If you want a good insight into what being a first time entrepreneur is like, Nassim Taleb gets it spot on in this short passage from his book The Black Swan
(the first book I’ve read in months by the way — when I was at Demos I read about one non-fiction book cover-to-cover per week):
“Many people labor in life under the impression that they are doing something right, yet they may not show solid results for a long time. They need a capacity for continually adjourned gratification to survive a steady diet of peer cruelty without becoming demoralized. They look like idiots to their cousins, they look like idiots to their peers, they need courage to continue. No confirmation comes to them, no validation, no fawning students, No Nobel, no Scnobel. “How was your year?” brings them a small but containable spasm of pain deep inside, since almost all of their years will seem wasted to someone looking at their life from the outside. Then bang, the lumpy event comes that brings the great vindication. Or it may never come.”
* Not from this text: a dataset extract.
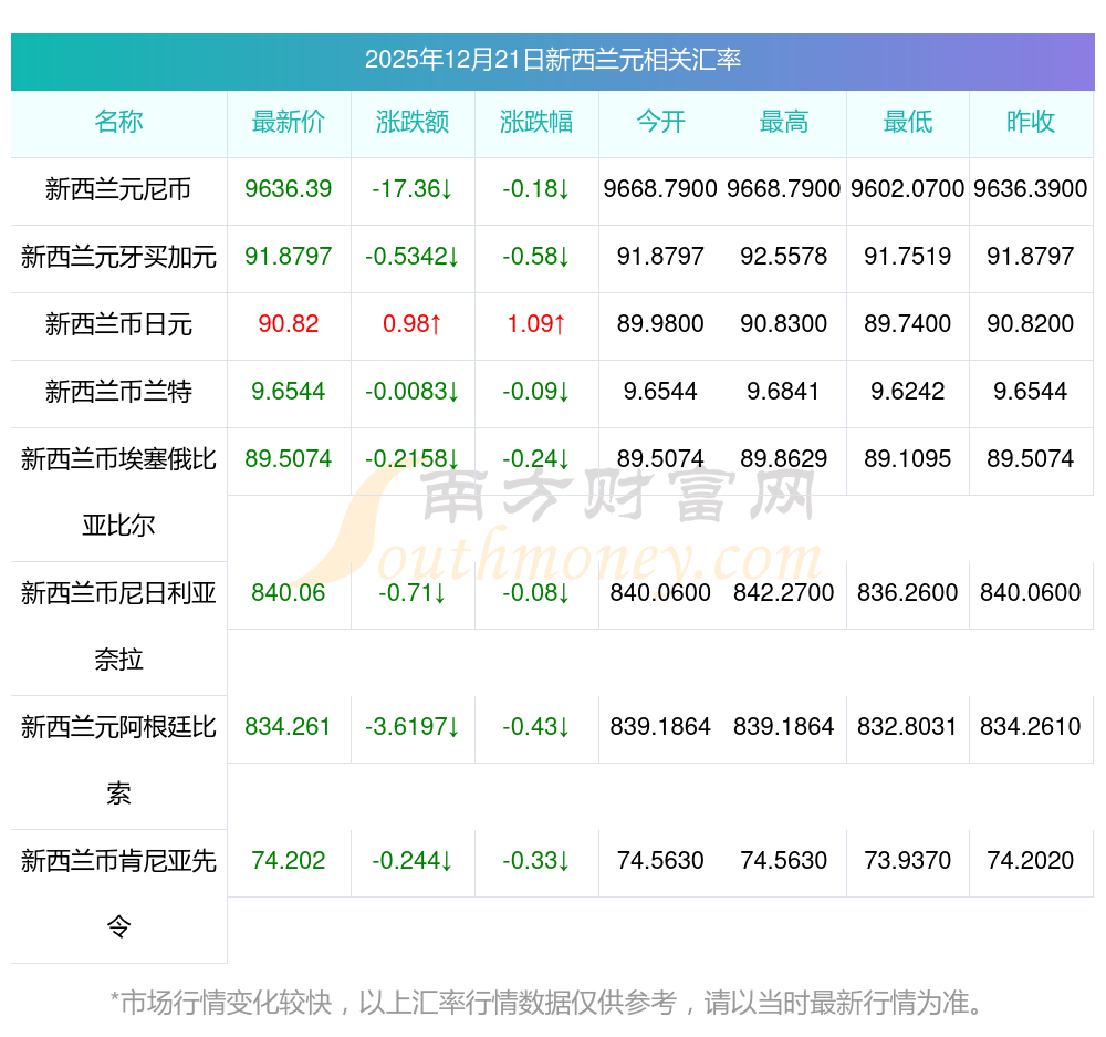 2025年12月21日新西蘭元相關(guān)匯率查詢

It’s been the strangest roller-coaster of a year for me. The emotional ups and downs have been more extreme than anything I’ve ever experienced before. I’ve bounced out of investor meetings, laughed myself silly with the team, surprised myself at how angry I can get and, on one occasion, found myself crying uncontrollably in a pub. I’ve been lucky and had an amazing amount of support from my co-founders, family and friends. I don’t know how people who don’t have that support manage it.
And I still can’t say whether it’s going to work or not. On paper — like any other start-up — the chances of us succeeding are tiny. We’re also trying to do something ridiculously ambitious that nobody has ever tried before. But somehow, I know deep down that we’re going to succeed. Don’t ask me how — I just know.
The funny thing is that now I’ve started, I can’t imagine doing anything else.